The United
Nations' atomic watchdog agency confirmed Thursday that Iran has informed it
that the country has begun installing equipment for the production of uranium
metal, which would be another violation of the landmark nuclear deal with world
powers.
Iran maintains
its plans to conduct research and development on uranium metal production are
part of its “declared aim to design an improved type of fuel,” the Vienna-based
International Atomic Energy Agency said.
Uranium metal
can also be used for a nuclear bomb, however, and research on its production is
specifically prohibited in the so-called Joint Comprehensive Plan of Action
signed with world powers in 2015.
The ultimate
goal of the deal is to prevent Iran from developing a nuclear bomb, something
Iran insists it does not want to do.

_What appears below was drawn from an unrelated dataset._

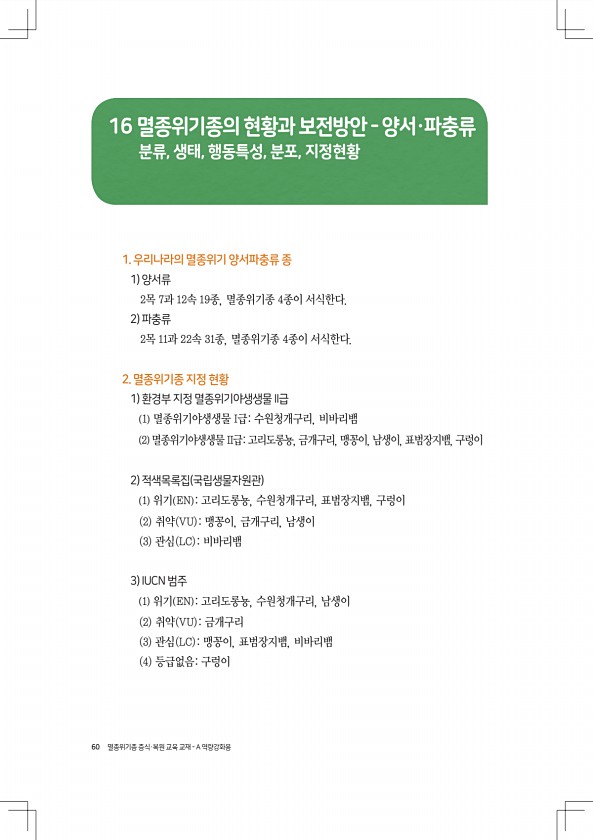 제목 : 멸종위기종 증식·복원 교육 교재(A 역량강화용)

Iran now has enough enriched uranium to
make a bomb, but nowhere near the amount it had before the nuclear deal was
signed.
IAEA inspectors
visited the Isfahan plant where Iran has said it plans to conduct the research
on Jan. 10, and officials were informed by Tehran on Jan. 13 that “modification
and installation of the relevant equipment for the mentioned R&D activities
have been already started," the agency said.
Iran's ambassador
to the IAEA, Kazem Gharibabadi, repeated that in a tweet on Wednesday, adding
that “natural uranium will be used to produce uranium metal in the first
stage.”
He told Iran's
official news agency IRNA that the move will elevate Iran to the level of
“progressive nations in production of new fuels.”
It was the
latest in a string of violations of the JCPOA that Iran has undertaken since
President Donald Trump pulled the United States unilaterally out of the deal in
2018, saying it needed to be re-negotiated.
Tehran has been
using the violations to put pressure on the other signatories — Britain,
France, Germany, China and Russia — to provide more incentives to Iran to
offset crippling American sanctions reimposed after the US exited the deal.
President-elect
Joe Biden, who was vice president when the JCPOA was negotiated, has said he
hopes to return the US to the deal.
Britain, France
and Germany said last week, however, that Iran “risks compromising” chances of
diplomacy with Washington after Tehran announced another violation — that it
was starting to enrich uranium to 20% purity, a technical step away from
weapons-grade levels of 90%.
The foreign
ministers of the three European nations said in a joint statement then that the
Iranian activity “has no credible civil justification.”
They said the
enrichment was a clear violation of the deal and “further hollows out the
agreement.”
Germany's
Foreign Ministry had no immediate comment Thursday, but the announcement on the
production of uranium metal now further complicates trying to get Washington
back on board, according to The Associated Press.
Those working to save the deal also note that despite the violations,
Iran continues to allow inspectors to access all sites in the country.